**Assignment**
In the data below, set down exactly the lines from the one containing "Örömmel jelentjük be, hogy" up to and including the one containing "英國的教育資源一直是領(lǐ". Leave the pictures out.

**Source data**
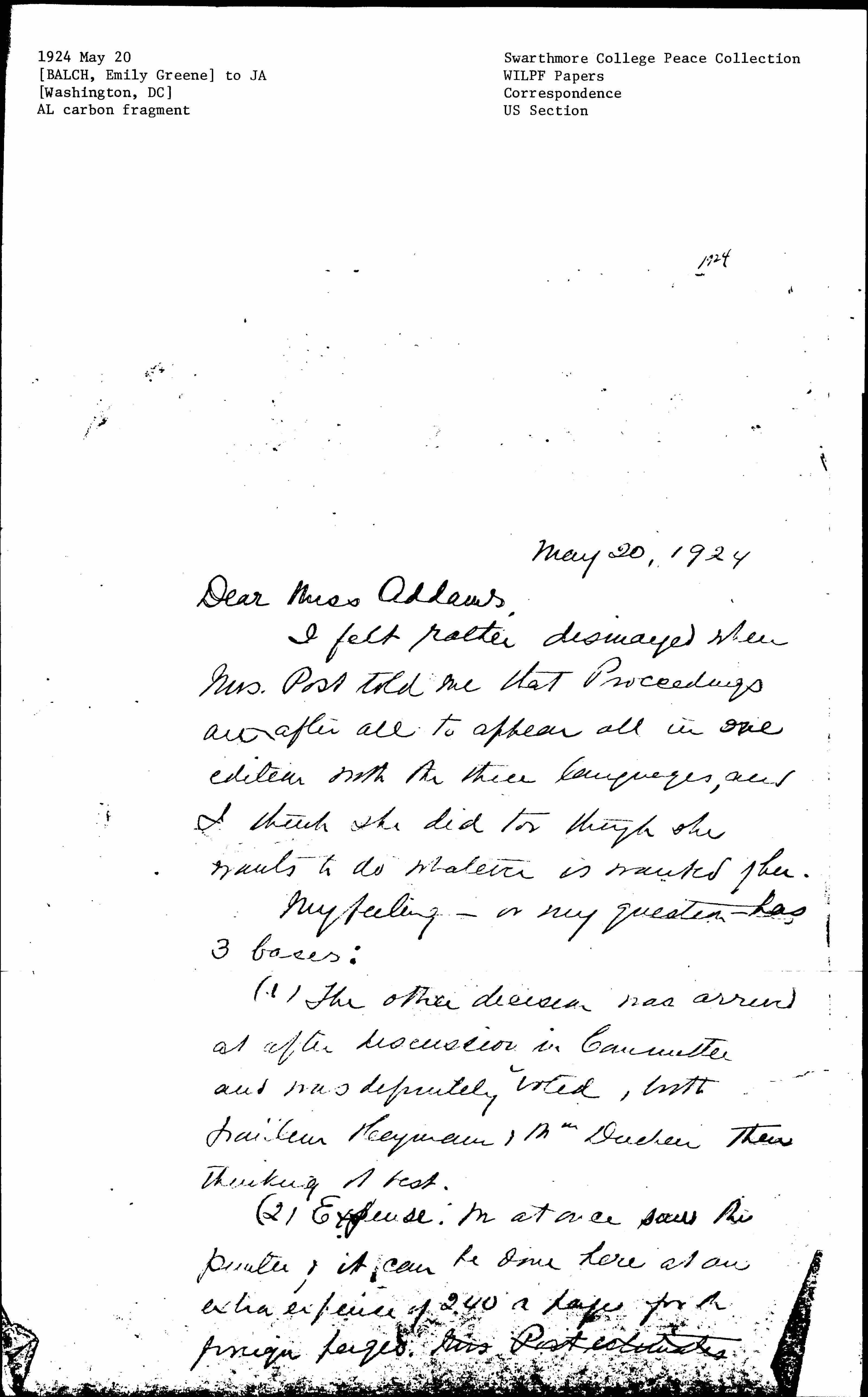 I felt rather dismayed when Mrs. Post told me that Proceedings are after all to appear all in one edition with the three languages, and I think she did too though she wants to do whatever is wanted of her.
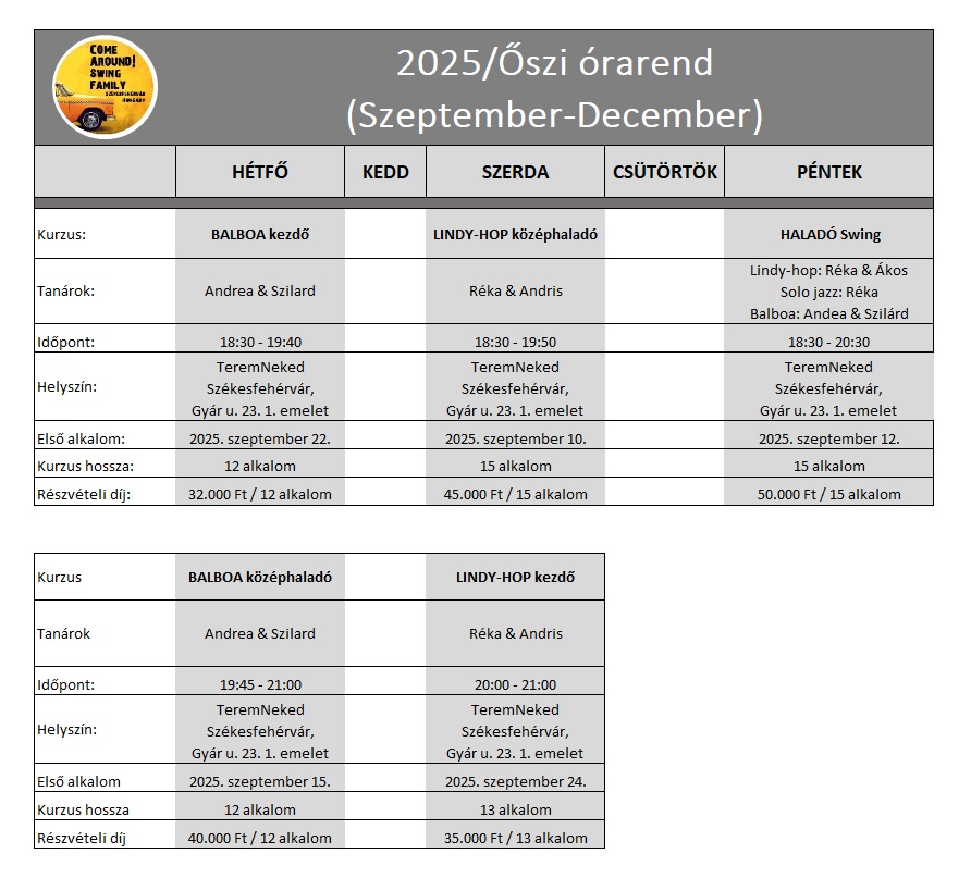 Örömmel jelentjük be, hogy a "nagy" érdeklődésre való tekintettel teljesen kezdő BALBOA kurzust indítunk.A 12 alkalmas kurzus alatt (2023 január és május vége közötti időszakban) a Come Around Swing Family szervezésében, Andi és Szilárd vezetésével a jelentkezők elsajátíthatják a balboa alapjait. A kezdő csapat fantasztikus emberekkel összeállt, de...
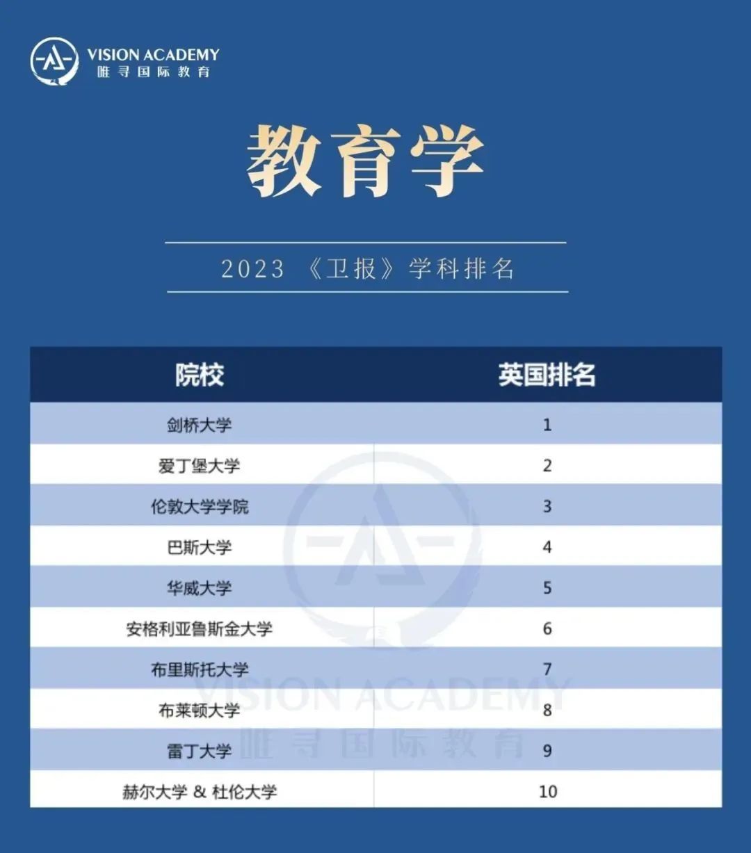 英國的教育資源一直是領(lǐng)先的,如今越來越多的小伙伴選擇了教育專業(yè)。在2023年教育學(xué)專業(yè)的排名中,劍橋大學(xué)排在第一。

--

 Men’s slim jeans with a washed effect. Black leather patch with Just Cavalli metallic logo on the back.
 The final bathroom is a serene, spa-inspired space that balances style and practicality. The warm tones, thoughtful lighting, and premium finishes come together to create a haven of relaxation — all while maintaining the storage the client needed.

==

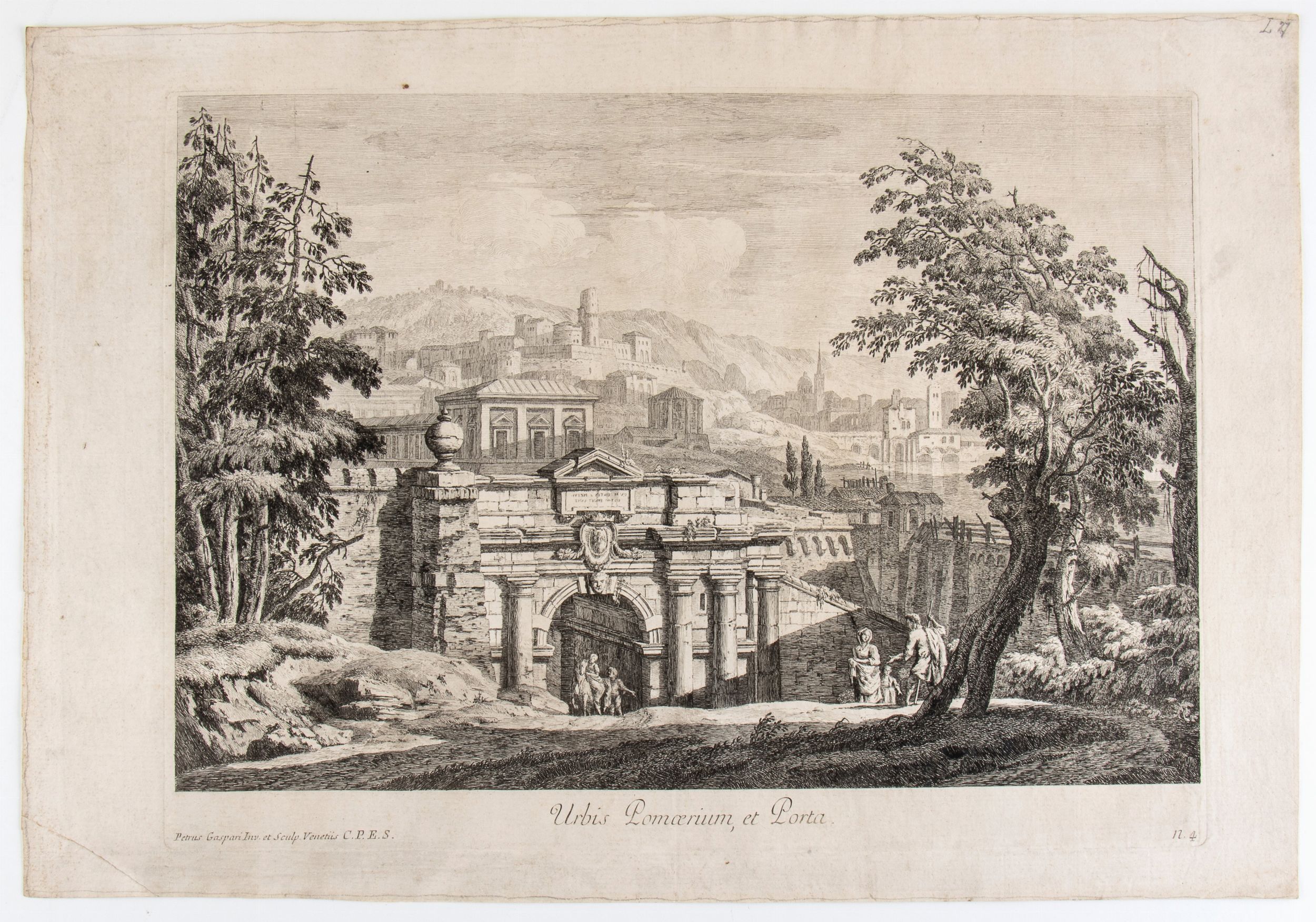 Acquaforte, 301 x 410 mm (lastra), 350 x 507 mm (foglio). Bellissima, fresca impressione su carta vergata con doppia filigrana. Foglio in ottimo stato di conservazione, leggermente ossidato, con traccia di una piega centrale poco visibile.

**Completed exercise**
 Örömmel jelentjük be, hogy a "nagy" érdeklődésre való tekintettel teljesen kezdő BALBOA kurzust indítunk.A 12 alkalmas kurzus alatt (2023 január és május vége közötti időszakban) a Come Around Swing Family szervezésében, Andi és Szilárd vezetésével a jelentkezők elsajátíthatják a balboa alapjait. A kezdő csapat fantasztikus emberekkel összeállt, de...
 英國的教育資源一直是領(lǐng)先的,如今越來越多的小伙伴選擇了教育專業(yè)。在2023年教育學(xué)專業(yè)的排名中,劍橋大學(xué)排在第一。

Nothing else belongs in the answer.